John Allen Livingston (November 10, 1923 – January 17, 2006) was a Canadian naturalist, broadcaster, author, and teacher. He was most known as the voice-over of the Hinterland Who's Who series of television zoological shorts in the 1960s.

He was born in Hamilton, Ontario, the son of Harold Arthur Livingston, who was in the construction business, and Vera Allen Livingston. He enlisted in the Royal Canadian Navy at the beginning of World War II and earned a degree in English literature in 1943 while on active service. After the war, he worked at the accounting firm of Clarkson Gordon from 1946 to 1949 while engaging in free-lance writing and speaking on environmental issues. He married Constance Margaret ("Peggy") Ellis in 1948, and they had three children: Sally, Zeke and Least.

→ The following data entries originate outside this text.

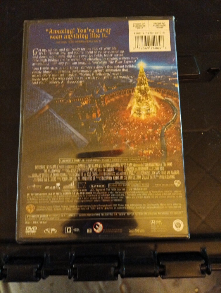 The product is a "Polar Express" DVD featuring Tom Hanks, a Christmas-themed movie in English with a G rating. It is presented in widescreen format by Warner Home Video and has a runtime of 100 minutes. The DVD is brand new, sealed, and unopened.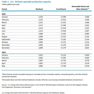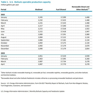 EIA: US Biofuel Capacity, Feedstock Consumption up in April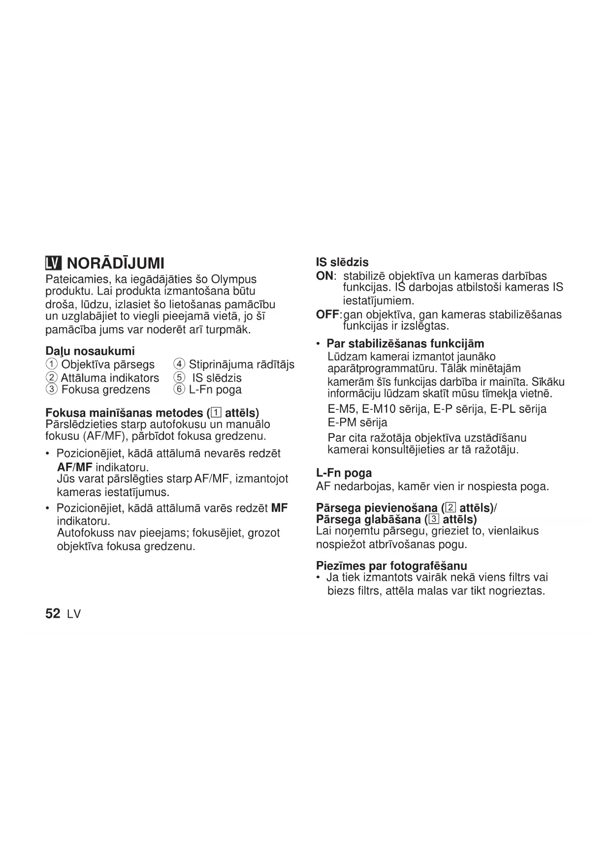 Pateicamies, ka iegādājāties šo Olympus produktu. Lai produkta izmantošana būtu droša, lūdzu, izlasiet šo lietošanas pamācību un uzglabājiet to viegli pieejamā vietā, jo šī pamācība jums var noderēt arī turpmāk. Daļu nosaukumi 1 Objektīva pārsegs 2 Attāluma indikators 3 Fokusa gredzens 4 Stiprinājuma rādītājs 5 IS slēdzis 6 L-Fn poga Fokusa mainīšanas metodes (1 attēls) Pārslēdzieties starp autofokusu un manuālo fokusu (AF/MF), pārbīdot fokusa gredzenu.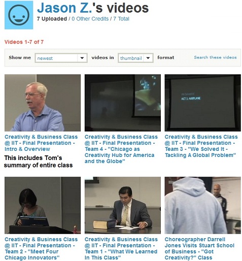 In the first offering of the class, we mixed presentations with performances. We had experts visit the class. We got up on our feet and did small group work and creativity exercises. We visited creativity hot spots around Chicago and learned from their leaders on how to make environments that nourish innovation. We learned about and worked on 13 distinct personal creativity competencies. Finally, students worked in teams on special projects and presented their research as performances during the last class before an invited audience. This class began on January 15, 2011. Our final class was on April 30 and we had four teams of students PERFORM their final projects. It was a spectacular display of applied creativity. Watch the performances here: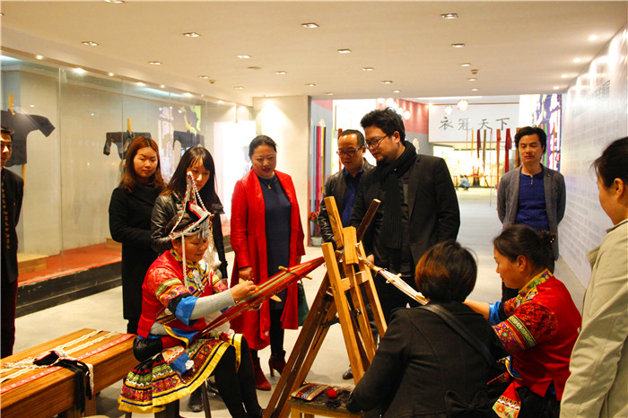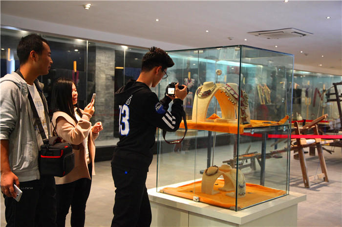 作为2017年江西省社科普及宣传周暨学术活动周第30个项目,本次畲族服饰科普宣传展展出了百余件畲族服装、头饰、刺绣、彩带、布鞋、围腰、布包和银饰品,以及以畲族元素创新设计的新时代凤凰装等。现场陈设了百余块畲族服饰文化知识科普展板和畲族服饰风情摄影图片,也吸引了众多师生深入探究和多方位追溯。特别是来自浙江景宁畲族自治县老艺人表演的畲族彩带编织和学唱畲歌畲语,这项非物质文化遗产技艺更是吸引了大量师生驻足观看,拍照合影,刷屏点赞不停。当晚博物馆放映了畲族微电影《山哈女友》和大型畲族服饰风情舞蹈诗《千年山哈》实况录像,让江服师生进一步了解了畲族人民的传师、耕山、盘歌、礼嫁等传统文化习俗。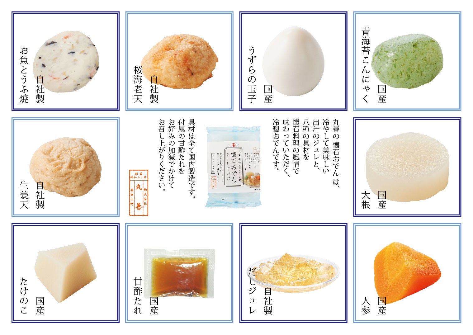 具材は、「大根」「人参」「たけのこ」「青海苔こんにゃく」「うずらの玉子」「桜海老天」「お魚とうふ焼」「生姜天」の8種で、それぞれ1個ずつ入っています。具材は食べやすい小ぶりサイズで、一つ一つの味わいや食感を味わって頂けます。うずらの玉子や野菜類は国産、練り物はすべて国内の自社工場で製造しております。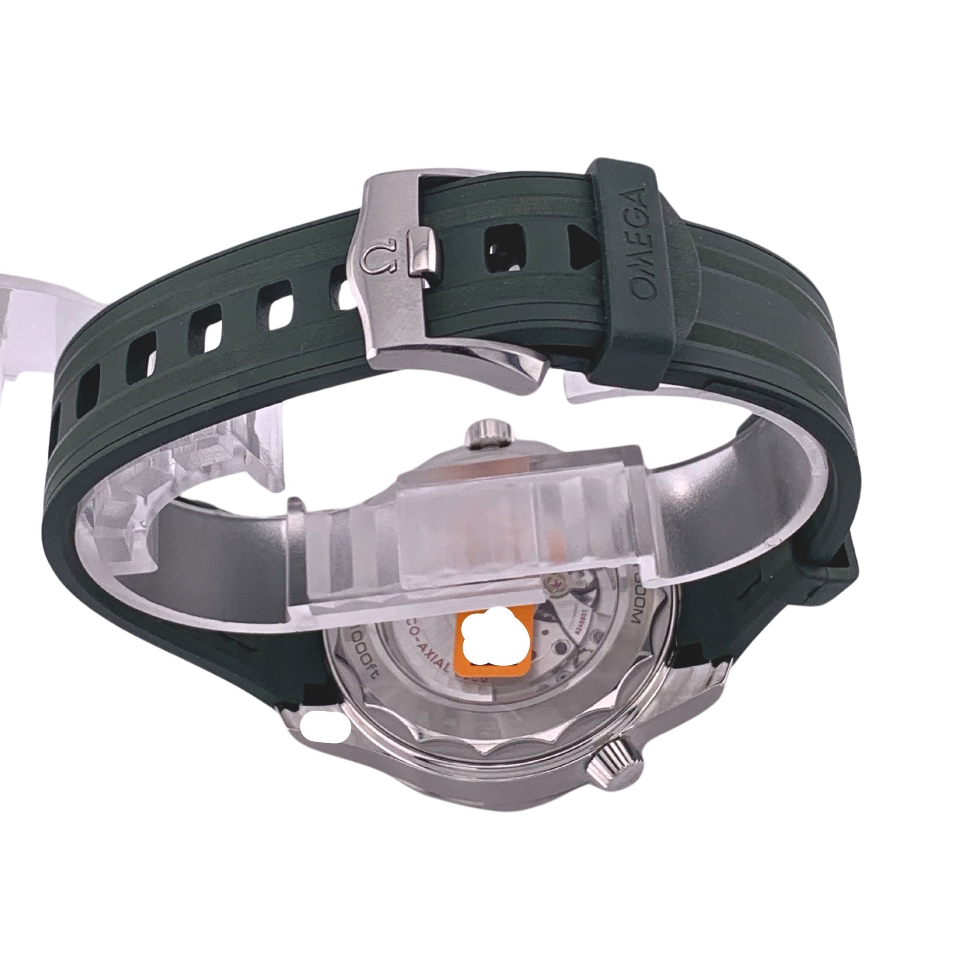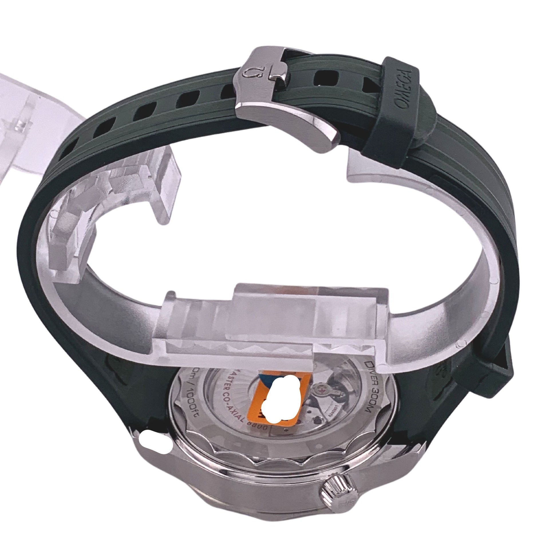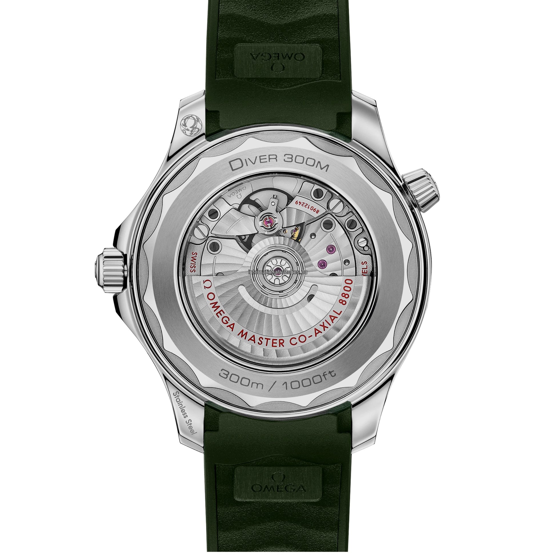 The watch is presented on a green rubber strap and is driven by the OMEGA Master Chronometer Calibre 8800, which can be seen through the sapphire-crystal on the wave-edged caseback. Brand - Omega Model - Seamaster Reference - 21032422010001 Movement - Mechanical Automatic Case Size - 42mm Case Material - Steel Bracelet Material - Green Rubber Bezel - Green Ceramic Dial - Wave Green Index Water Resistance - 300 Metres Box - Omega Original Box 21032422010001 - 210.32.42.20.10.001 - O21032422010001 box 301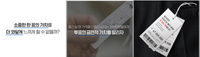 ‘한 표의 가치’캠페인은 투표의 가치를 금액으로 환산해 유권자 한 명이 가지는 한 표의 가치를 체감하게 하고 물건을 구매할 때처럼 신중한 투표권을 행사하자는 의미다.

He joined the Audubon Society of Canada in 1955 as managing director and editor of its newsletter. He later became head of the science unit at the Canadian Broadcasting Corporation (CBC), most notably serving as the first executive producer of the long-running documentary series The Nature of Things. He left the CBC in 1968, but remained a regular contributor of documentary films to The Nature of Things, most notably the Canadian Film Award-winning Wild Africa in 1970. He then formed LGL Limited: environmental research associates, an environmental consulting company, with Aird Lewis and Bill Gunn of the Nature Conservancy of Canada; the firm became most noted for their work on the Mackenzie Valley Pipeline Inquiry.

Livingston helped found York University's Faculty of Environmental Studies (FES) in 1971 and taught there until he retired in 1993, becoming a professor emeritus.

In1985 he married his second wife, Ursula Moller Jolin, a former graduate student.

Livingston was the author of several books, including The Fallacy of Wildlife Conservation (1981) and the Governor General's Award-winning Rogue Primate (1994).